Re: [PATCH 2/2] percpu-rw-semaphores: use rcu_read_lock_sched

All of lore.kernel.org
 help / color / mirror / Atom feed

From: "Paul E. McKenney" <paulmck@linux.vnet.ibm.com>
To: Mikulas Patocka <mpatocka@redhat.com>
Cc: Linus Torvalds <torvalds@linux-foundation.org>,
	Oleg Nesterov <oleg@redhat.com>, Ingo Molnar <mingo@elte.hu>,
	Peter Zijlstra <peterz@infradead.org>,
	Srikar Dronamraju <srikar@linux.vnet.ibm.com>,
	Ananth N Mavinakayanahalli <ananth@in.ibm.com>,
	Anton Arapov <anton@redhat.com>,
	linux-kernel@vger.kernel.org
Subject: Re: [PATCH 2/2] percpu-rw-semaphores: use rcu_read_lock_sched
Date: Wed, 24 Oct 2012 09:16:38 -0700	[thread overview]
Message-ID: <20121024161638.GA2465@linux.vnet.ibm.com> (raw)
In-Reply-To: <Pine.LNX.4.64.1210221937550.25995@file.rdu.redhat.com>

On Mon, Oct 22, 2012 at 07:39:16PM -0400, Mikulas Patocka wrote:
> Use rcu_read_lock_sched / rcu_read_unlock_sched / synchronize_sched
> instead of rcu_read_lock / rcu_read_unlock / synchronize_rcu.
> 
> This is an optimization.
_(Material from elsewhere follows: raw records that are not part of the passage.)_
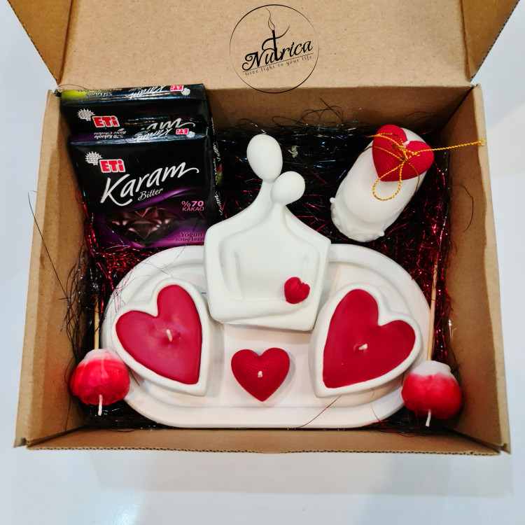 پک هدیه ولنتاین شامل شمع قلب سنگی و مجسمه آغوشی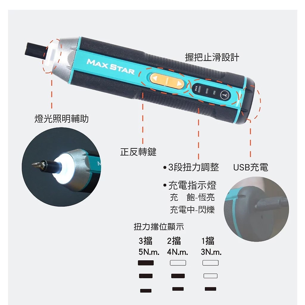 ◎ 三段扭力,依需求調整,防止過度擰緊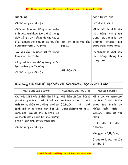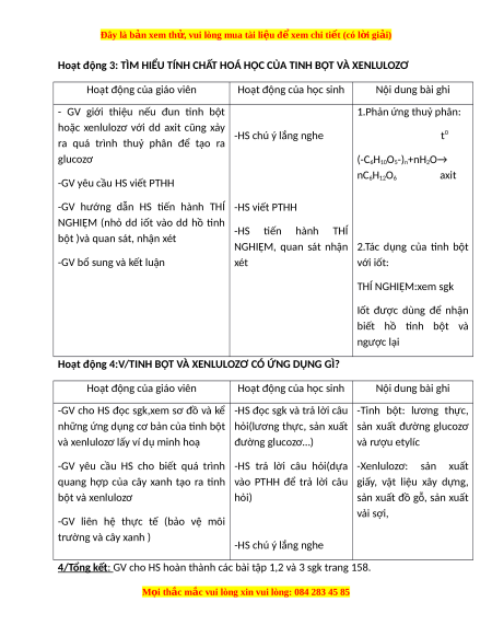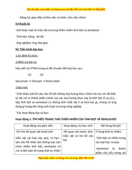 Giáo án Tinh bột và xenlulozơ Hóa học 9

The RCU-protected region is very small, so
> there will be no latency problems if we disable preempt in this region.
> 
> So we use rcu_read_lock_sched / rcu_read_unlock_sched that translates
> to preempt_disable / preempt_disable. It is smaller (and supposedly
> faster) than preemptible rcu_read_lock / rcu_read_unlock.
> 
> Signed-off-by: Mikulas Patocka <mpatocka@redhat.com>

OK, as promised/threatened, I finally got a chance to take a closer look.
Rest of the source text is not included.